Understanding CineFX - MUCH more than the R300
First, let me begin by saying that nVidia is taking a VERY dangerous bet. They're hoping for developers to use their tech instead of ATI one, even if ATI tech is the MS official minimum for DX9 ( As Far As We Know )
I'm basing myself on nVidia public "CineFX_1-final.pdf" presentation to compare the NV30, the R300 and DX8. However, a few errors or strange oddities do exist in this document:
The R300 is supposed to be able to do 128 bit color, just as the NV30.
The NV30 raytracing power is explained at all, so it's better to simply suppose it won't be used by devs for a while.
Now, the real power of the NV30 lies into the vertex shaders, but first, the pixel shaders.
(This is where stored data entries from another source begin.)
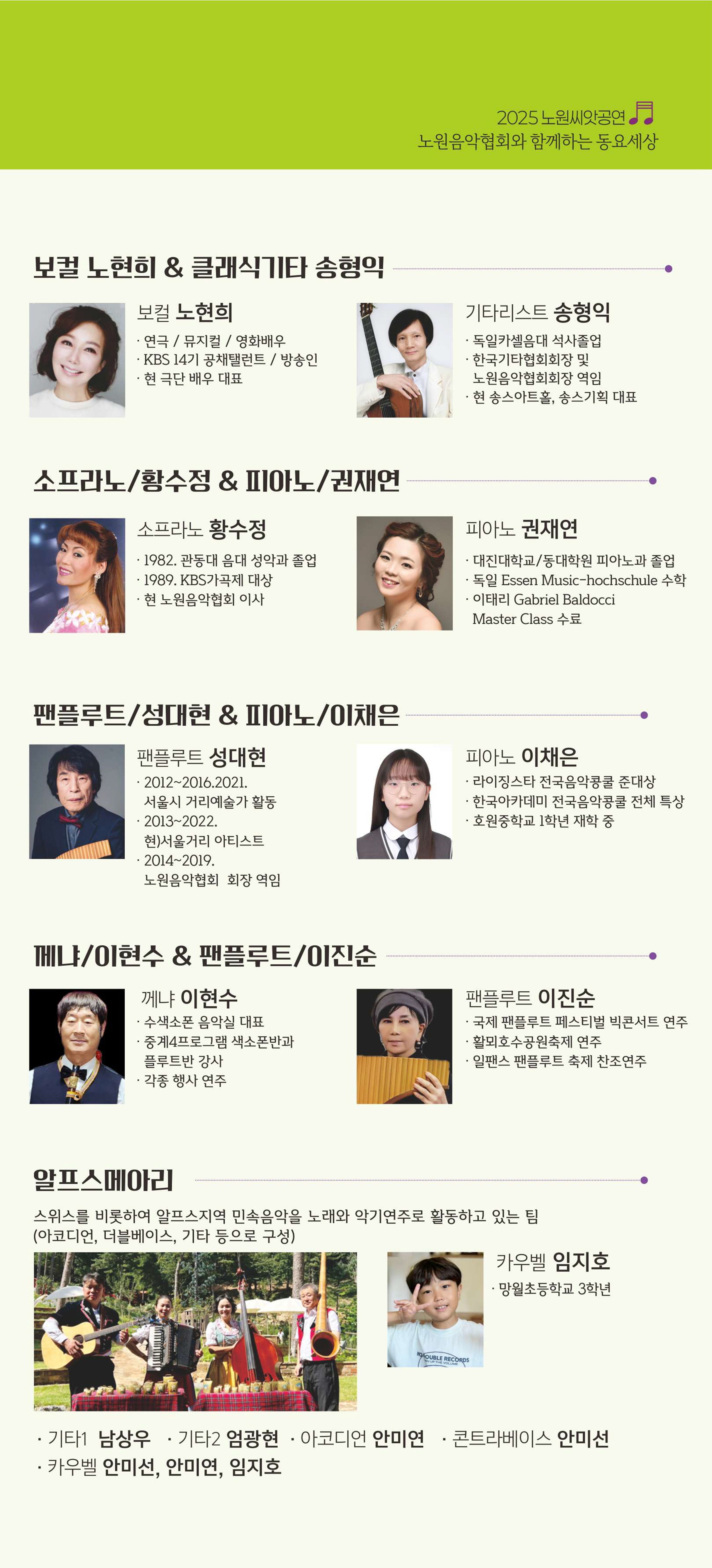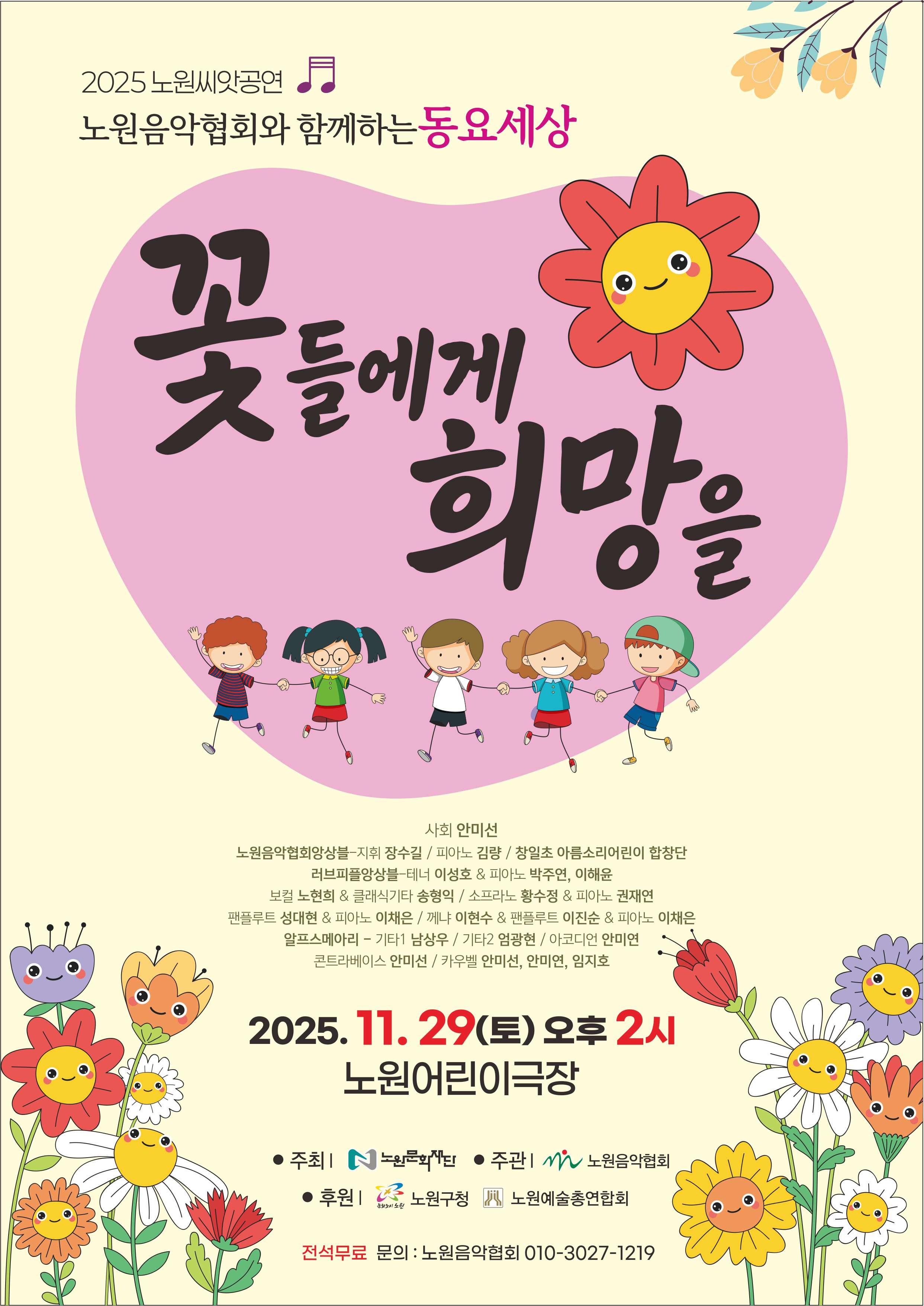 공연 지원사업 예정 2025 노원예술씨앗 지원사업 노원음악협회 <꽃들에게 희망을> 공연일시 2025.11.29(토) ~ 2025.11.29(토) 공연시간 오후 2시 장 소 노원어린이극장 티 켓 전석무료 장 르 음악(동요) 관람연령 36개월 이상 현재 URL 복사 블로그 바로가기 목록 공연정보 티켓예매 및 취소시 유의사항 티켓예매 및 취소시 유의사항 할인 증빙자료 미지참시 현장에서 정가에 대한 차액을 현금으로 지불하셔야 티켓수령이 가능합니다. 예매취소는 공연전날 오후 5시까지 가능합니다. 취소는 예매하신 예매채널에서 가능합니다. 취소 마감시간 이후에는 예매취소, 환불 및 변경이 불가합니다. 취소일자에 따라서 취소 수수료가 부과되며 예매일 기준보다 관람일 기준이 우선 적용됩니다. 예매취소조건 안내 테이블로 취소일, 취소수수료에 따라 작성되었습니다. 예매취소조건 취소일 취소수수료 예매 후 7일이내 없음 예매 후 8일~관람일 10일전까지 장당 4,000원(티켓금액의 10% 한도) 관람일 9일전~7일전까지 티켓 금액의 10% 관람일 6일전~3일전까지 티켓 금액의 20% 관람일 2일전~1일전까지 티켓 금액의 30% ※ 티켓이 분실, 훼손된 경우에는 재발권이 불가하오니 티켓 보관에 유의하시기 바랍니다. 목록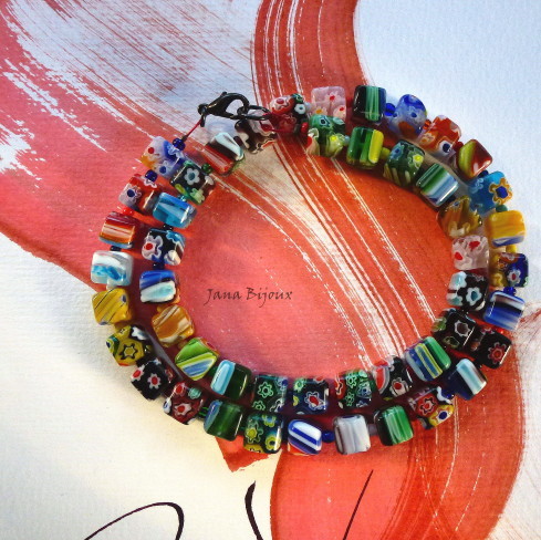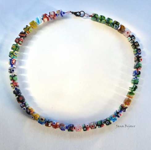 c594 07/08/2011VENDIDOS ( Prodáno)Jana Bijoux Colar curto com cubos de millefiori e fecho de componentes banhados à zinco preto R$ 36,00. (comprimento 47,5 cm) KRÁTKÝ NÁHRDLENÍK Z KOSTEK MILLEFIORI.
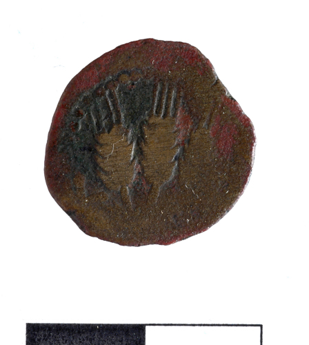 Dritto: Ombrello con frangia;intorno[BASILE ]OS[AGRIPA ]. Rovescio: Tre sighe d'orso;in campo L e [E']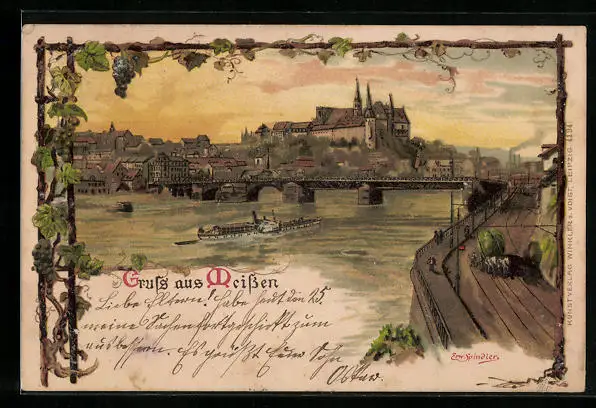 Künstler-AK Erwin Spindler: Meissen, Ortsansicht mit Fluss, Weinrebe

The Pixel Shader of the NV30, said simply, has amazing raw power but no big advancement from PS 1.4 beside it got a lot more instructions.
But since the NV25 didn't support PS 1.4, it's a good thing this becomes a standard.
Compared to the R300, the NV30 only has more instructions available, and most likely a higher clock rate, enabling for those instructions to actually be usefull and fast.
However, nVidia isn't betting on their Pixel Shader power at all - they simply hope developers allow for higher instruction counts depending on the hardware, making games look better on their cards.
The Vertex Shader of the NV30 - A hundred shaders for the price of one
The goal of any good programmer is batching several thousands polygons into a single DrawIndexedPrimitive call.
Before Shaders, there were THREE problems here: textures and render states and buffers
After shaders, there were FIVE problems here: texture, render states ( which became less of a problem, but it still existed ) , buffers, vertex shaders and pixel shaders.
Pixel Shaders, however, could rapidly become less usefull by Vertex Shaders because as there are more and more polygons in models, Vertex Shader quality is nearly as good as the Pixel Shader one.
So it's likely pixel shaders mostly get used for water and very specific pruposes in the future, reducing the importance of that problem ( and nearly eliminating it with PS 3.0 including branching, which will hopefully be ready in about 12-24 months )
However, the R300 is doing a lame attemp to fix the Vertex Shader problem: maximum 4 loops and each having a maximum 256 instructions.
nVidia way is better: maximum 256 loops and each having a maximum of 65536 instructions.
This allows to actually have a LOT less vertex shaders than before, and all of this because there are a lot of loops and branching power.
And ya know what that means? Yep, you guessed it - much better batching. And a lot more performance if the programmers do it right.
nVidia system for Vertex Shaders is excellent, and could result in great branching and a LOT less done on the CPU.
This might also give us a lot more free time for the CPU to do AI - which is, IMO, a good thing.